Wednesday, 10 July 2013

This House is Haunted, by John Boyne

We all love a good ghost story, even if the plot is wellworn, says Philip Womack.

John Boyne, author of 'This House is Haunted'

John Boyne, author of 'This House is Haunted' Photo: Clara Molden


Why do we enjoy scary stories? It’s a question that has often troubled the critic, as well as the novelist: the excellent Mrs Radcliffe, whose novels put in place many of the nuts and bolts that make up ghost stories today, wondered about “the strange delights of artificial grief”. We love to be chilled – often, it seems, by the same thing, again and again.
If there exists somewhere a checklist of elements that ought to appear in a ghost story, then John Boyne has certainly gone through it very carefully. He is writing in the same vein as John Harwood’s Victorian-era chillers; not to mention Sarah Waters’s latest, The Little Stranger, which had a similar no-nonsense, middle-class narrator entering into the strange world of a country house. There are certain recognisable elements that will alert the reader to the spectral qualities of any piece of fiction: an isolated mansion; children (always in their nightwear) standing alone on stone steps and talking to things that may or may not be actually there; damaged people hidden in attics; mist; horses’ hoofs; surly servants; and, above all, no unanswered questions.
Boyne’s new novel, This House is Haunted, contains all of these things and more. There’s even a servant who vanishes around corners. An evil-looking man playing the hurdy gurdy is all that’s wanting, really. Set in the late-Victorian world that is all but compulsory for such things, it couldn’t be more aware of its status as a phantasmal fiction. Its own heroine, a strong-willed, compassionate governess, often wonders if she is in one herself.
That’s not to say the book isn’t entertaining: on the contrary, it is sleekly done and classily controlled. Revelations come aplenty (even if they are guessable, they still seem to have power), and one doesn’t mind the unusual reticence of the country folk. They go pale on cue when the new governess mentions she’s working at Gaudlin Hall; none of them will explain exactly what’s been going on up at the big house. Instead they drop cups and pretend to have appointments elsewhere.
Unlike in most horror fictions, the heroine – who, fleeing her own distressed circumstances, comes to the house because of an oddly worded advert – is more than capable of rolling up her sleeves to get to the bottom of the weirdnesses – sudden gusts of wind, phantom hands – which leave her in real, mortal danger. All but one of the previous governesses has been killed in the last year alone; the white-faced, troubled children she’s in charge of refer constantly to their dead mother in the present tense (“BECAUSE SHE’S THE GHOST!” you can’t help but shout out).

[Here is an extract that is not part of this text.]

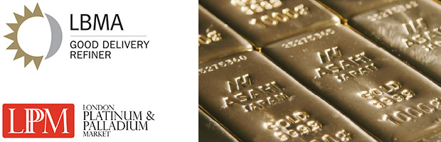 アサヒメタルファインは一般社団法人日本金地金流通協会の正会員で、金・銀・プラチナ・パラジウムの地金は、大阪取引所(OSE)の受渡供用品としてブランド認証を受けています。さらに、金・銀はLBMA(The London Bullion Market Association)、プラチナ・パラジウムはLPPM(The London Platinum and Palladium Market)のグッド・デリバリー・バーとして認定を受けており、確かな品質が世界のマーケットで高く評価されています。

So what is it, despite all the familiar parts, that makes us want to read on? Boyne succeeds in creating a tense atmosphere not because of the easily identifiable elements, but because of his narrator: a good woman in a claustrophobic world, whose resilience and strength are immensely attractive.
This House is Haunted isn’t as unsettling as the writing of Harwood or Waters; but it remains effective. It’s the equivalent of a story told by the campfire with only a torch lighting up the speaker’s face. We like to hear these stories, because they make us feel safe: and that’s why Boyne’s novel works. The framework is a comfort: after dark and dreams, in the morning, all will be well. Some might bemoan the lack of innovation; but a ghost in the right place will always make us jump.